Pony.ai is looking to hire a (Senior) Kubernetes Engineer to design, operate, and optimize Kubernetes clusters across hybrid cloud environments to support diverse workloads including large-scale model training and low-latency inference services.
Requirements
- 3+ years of hands-on experience managing Kubernetes clusters in production (EKS/GKE/AKS and/or bare-metal).
- Strong Linux systems background and distributed systems fundamentals (scheduling, reliability, scaling).
- Proven experience with hybrid cloud environments (AWS, GCP, Azure, and on-prem).
- Expertise in containerization (Docker) and Infrastructure-as-Code tools (Terraform, Helm, Ansible, or similar).
- Experience developing and maintaining Kubernetes platform features (operators, CRDs, APIs).

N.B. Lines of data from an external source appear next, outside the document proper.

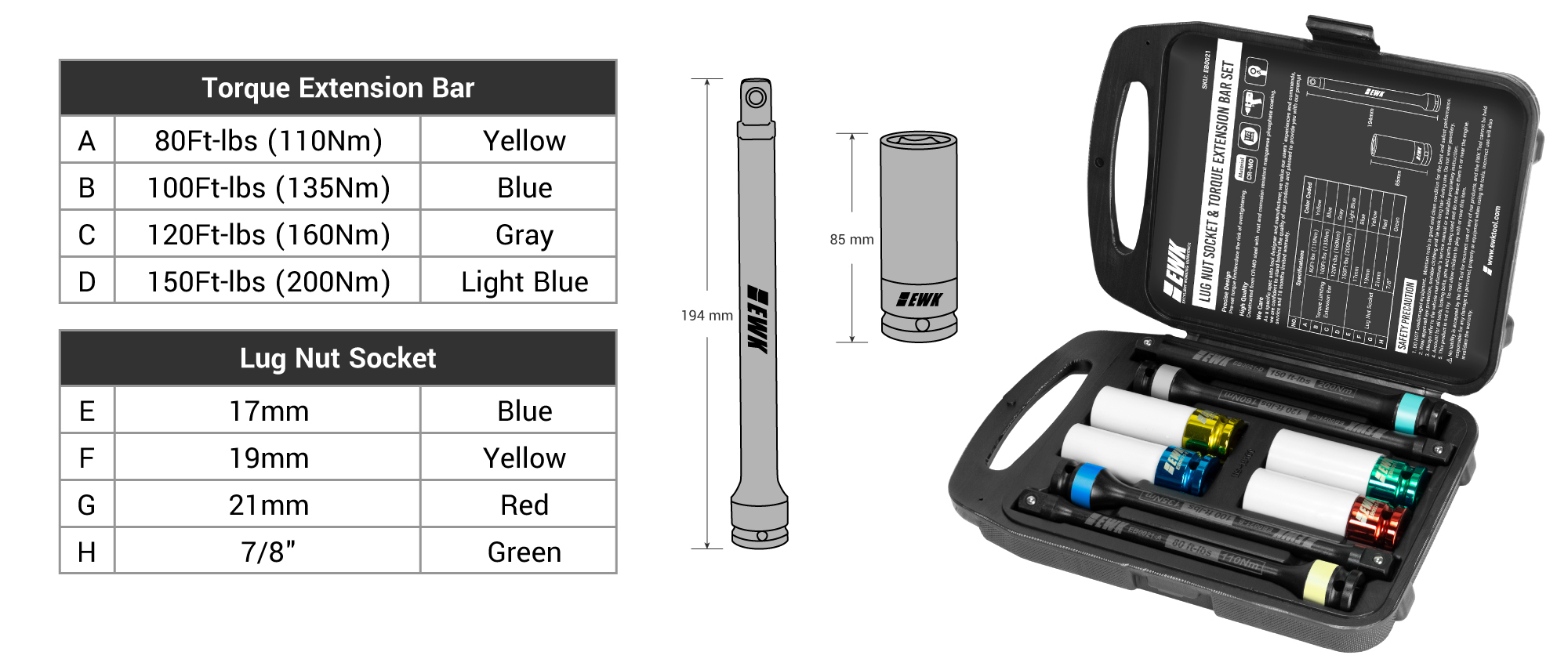 All in One ➤ EWK impact lug nut socket (17mm, 19mm, 21mm, 7/8 inch) and torque limiting extension bar set ( 80Ft-lbs, 100Ft-lbs, 120Ft-lbs, 150Ft-lbs ) is designed to remove and install the wheel lug nuts in the most safe and efficient way.
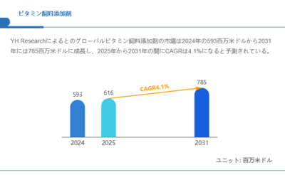 2025年10月24日、YH Research株式会社(本社:東京都中央区)は、調査レポート「グローバルビタミン飼料添加剤市場のトップ企業ランキングと市場シェア 2025」を発行しました。本レポートでは、2020年から203...
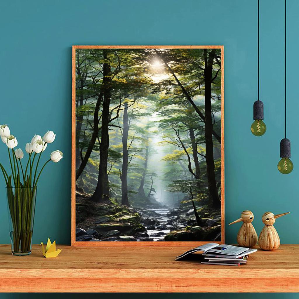 Diamantmalerei zum Selbermachen, Bach im Wald, Kreuzstichset, Mosaikkunst, Diamantmalerei, voller Kreis/quadratischer Diamant, Heimdekoration
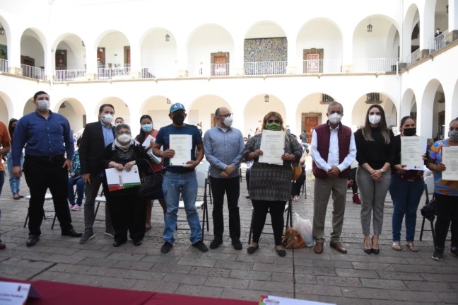 En el patio central de Palacio Municipal, el primer edil encabezó el acto en el que se citó a algunos de los beneficiados para brindar el documento con el que acreditarán la pertenencia legal de sus viviendas.
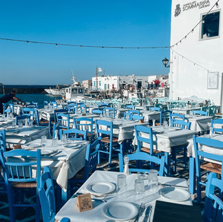 Naoussa - The traditional fishing village of the island, settled right on the water, which has now been overtaken by modern shops and restaurants. Our taxi driver, who grew up in Naoussa, said most locals have moved out into the “suburbs” since it’s been overtaken with trendy spots to eat and hang out. Everything here seemed a bit more expensive than Parikia and was definitely more crowded, but it’s a must visit (or stay) for sure. The shops and restaurants are literally directly on the water and everything we ate here was incredible!

- Solid knowledge of Kubernetes networking (CNI, ingress, service discovery), storage, and compute integrations.
- Strong understanding of security best practices (RBAC, network policies, secrets).
Responsibilities
- Design, operate, and optimize Kubernetes clusters across hybrid cloud environments (public cloud and on-prem datacenter).
- Support diverse workloads including large-scale model training and low-latency inference services.

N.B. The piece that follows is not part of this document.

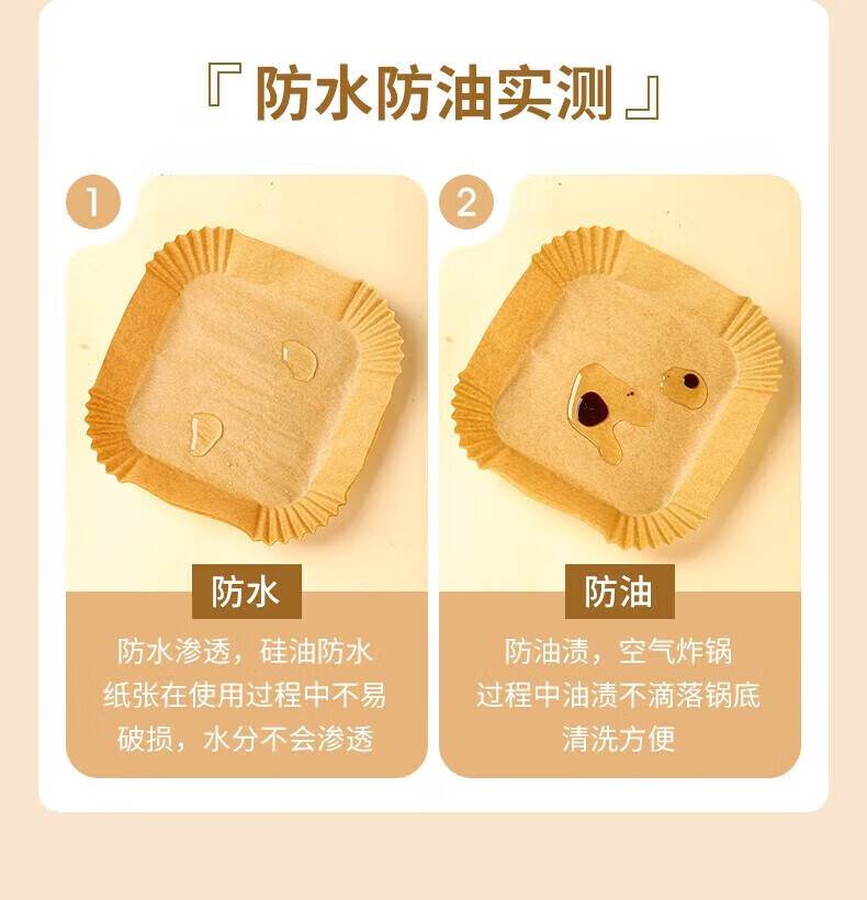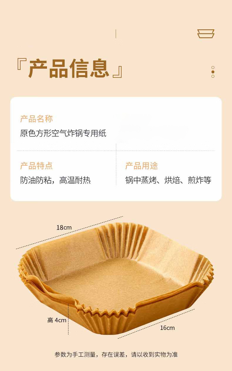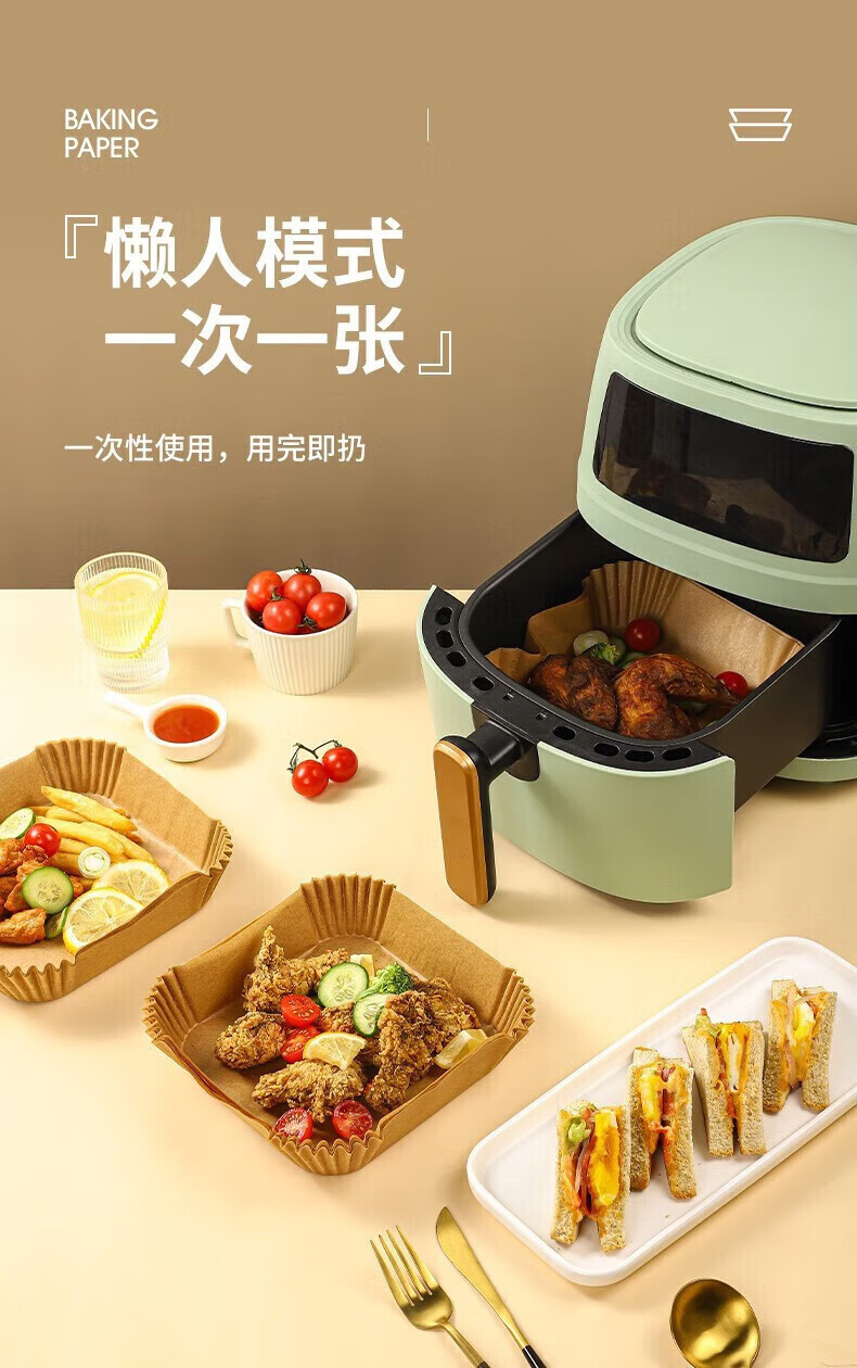 Yu Qixi air fryer paper barbecue baking paper square oil-absorbing paper household food fried chicken silicone paper French fries barbecue paper thickened and increased-heightened edge 50 sheets

- Develop, maintain, and extend Kubernetes platform features (operators, CRDs, APIs) to automate and productize internal use cases.

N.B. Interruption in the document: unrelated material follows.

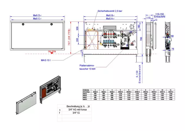 strawa Comfort-Regelstation FBR-S10-18-H-C69-EGO 13 Hkr.,BxHxT: 1500 x 775 x 122 mm, Systemtr. m. Festwert 20-50°C+Pumpe, horz. AG o. WMZ, Verteiler m. DFA min/max+THV für EGO-Regelantr., vorm. EGOs+Klemml.+Vorverdr., CUP-Schrank m. Frontbl. RAL9016
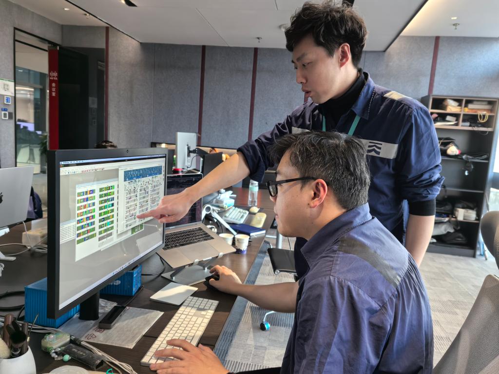 天津港第二集裝箱碼頭有限公司信息部副經(jīng)理班宏宇(后)和同事正在研究新的優(yōu)化方案。新華社記者 楊文 攝

- Own cluster lifecycle management including upgrades, patching, configuration, and governance.
- Define and enforce best practices for service deployments, security policies, and operational guidelines.
- Contribute to observability and SRE practices to ensure reliability at scale (SLOs, incident reviews, metrics-driven improvements).
- Collaborate with storage, compute, and networking teams (CNI, ingress, service discovery) to enhance automation, availability, and performance.
Other
- Bachelor’s degree in Computer Science, Engineering, or related field, or equivalent experience.
- Effective communication skills and ability to work cross-functionally in a fast-paced environment.
- Provide technical mentorship, documentation, and on-call support for cluster-related incidents.